Quelques clarifications avec l’asbl BruZelle, qui lutte contre la précarité et les tabous autour des règles et contribue activement, depuis sa création en 2016, à rendre ces problématiques plus visibles.
La précarité menstruelle recouvre trois réalités, qui peuvent coexister : le manque d’accès à des produits menstruels faute de moyens financiers, le manque d’accès à l’information sur la santé et la sécurité menstruelle, qui peut amener à se mettre en danger, et le manque d’accès à des endroits où se changer en toute sécurité : des toilettes qui ferment, équipées d’eau, de savon et de papier... En découle un risque pour la santé, et une charge mentale accrue.
- Selon une enquête menée en 2021 en FWB par Synergie Wallonie à la demande de Christie Morreale, ministre wallonne de la Santé et de l’Égalité des chances, 11% des répondantes de 12 à 18 ans rencontrent des difficultés financières pour se procurer des protections.
La sécurité menstruelle, c’est pouvoir trouver un produit menstruel quand on en a besoin, qu’on soit ou non en situation de précarité. « L’école est un milieu bienveillant qui doit pouvoir mettre ce genre de produits à la disposition de ses élèves et de son personnel, estime Veronica Martinez, fondatrice et directrice de l’association. On peut oublier son matériel à la maison, le cycle peut être irrégulier... Il y a aussi beaucoup de chances pour que les ménarches, les premières règles, arrivent à l’école ».
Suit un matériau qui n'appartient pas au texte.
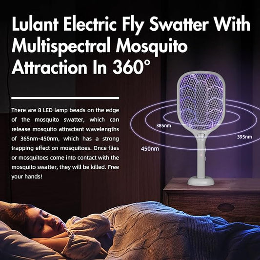 Lulant Electric Fly Swatter Racket,3000V Bug Zapper Racket,1800mA Battery Rechargeable Mosquito Killer, Type-C Rechargeable Base, Three-Layer Protective Safety Mesh for Indoor and Outdoor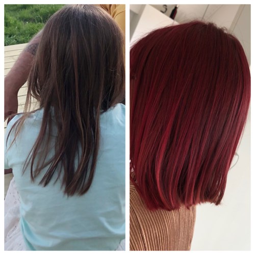 Bra inpackning om man inte vill färga håret med bra pigment. Detta är bild före och efter på helt ofärgat hår direkt efter färgning med röd inpackning. Sätter i schamponerat och torrt hår, avslutar med att skölja ur och balsam. Håller några veckor men tvättas ur eftersom. Räcker ganska många ”färgningar”1 produkt i inlägget Bra om man inte vill färga, bra pigmentElin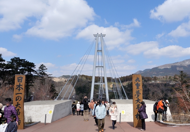 湯布院から福岡に向かう途中に寄りました。高さ173mの空中散歩は、高い所が苦手な人にとっては、足がすくみます。多少の風や人の行き来で揺れることもあるので、怖かったですが、引き返すのはもったいない気持ちだったので、何とか歩きました。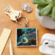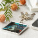Uma cena mágica debaixo do mar, uma sereia de cabelo aqua sentada numa rocha saúda um golfinho amigável. Este seria um presente excelente para qualquer um que ama as sereias.

► Pour des toilettes propres et adaptées
Le manque d’accès à des toilettes propres et adaptées peut contribuer à l’insécurité, voire à la précarité menstruelle. Or les toilettes d’école n’ont pas très bonne réputation. Portes sans verrou, éviers bouchés, éclairage et chauffage défectueux, saleté, absence de papier toilette et de savon… « La situation dans beaucoup d’écoles était assez catastrophique », explique Sigrid Vannuffel, du programme Ne tournons pas autour du pot !, créé en 2015 par le Fonds BYX et l’asbl Question Santé pour améliorer le bien-être et la santé des élèves à travers l’amélioration des sanitaires.
Chaque année scolaire, le programme offre un accompagnement méthodologique et une enveloppe budgétaire à des écoles fondamentales et secondaires, et Sigrid Vannuffel constate que la question des règles revient de plus en plus souvent.
« Des écoles souhaitent utiliser une partie du budget pour installer un distributeur de produits périodiques, ce qui rentre tout à fait dans la philosophie du programme. Mais c’est important de réfléchir aussi à tout ce qui gravite autour, c’est-à-dire à des sanitaires confortables et sécurisants, entretenus régulièrement ». Et d’ajouter que laisser les enfants se rendre aux toilettes quand ils en ont besoin est également essentiel dans ce contexte.
« S’ils ne sont pas vandalisés, c’est vous les gagnant·es »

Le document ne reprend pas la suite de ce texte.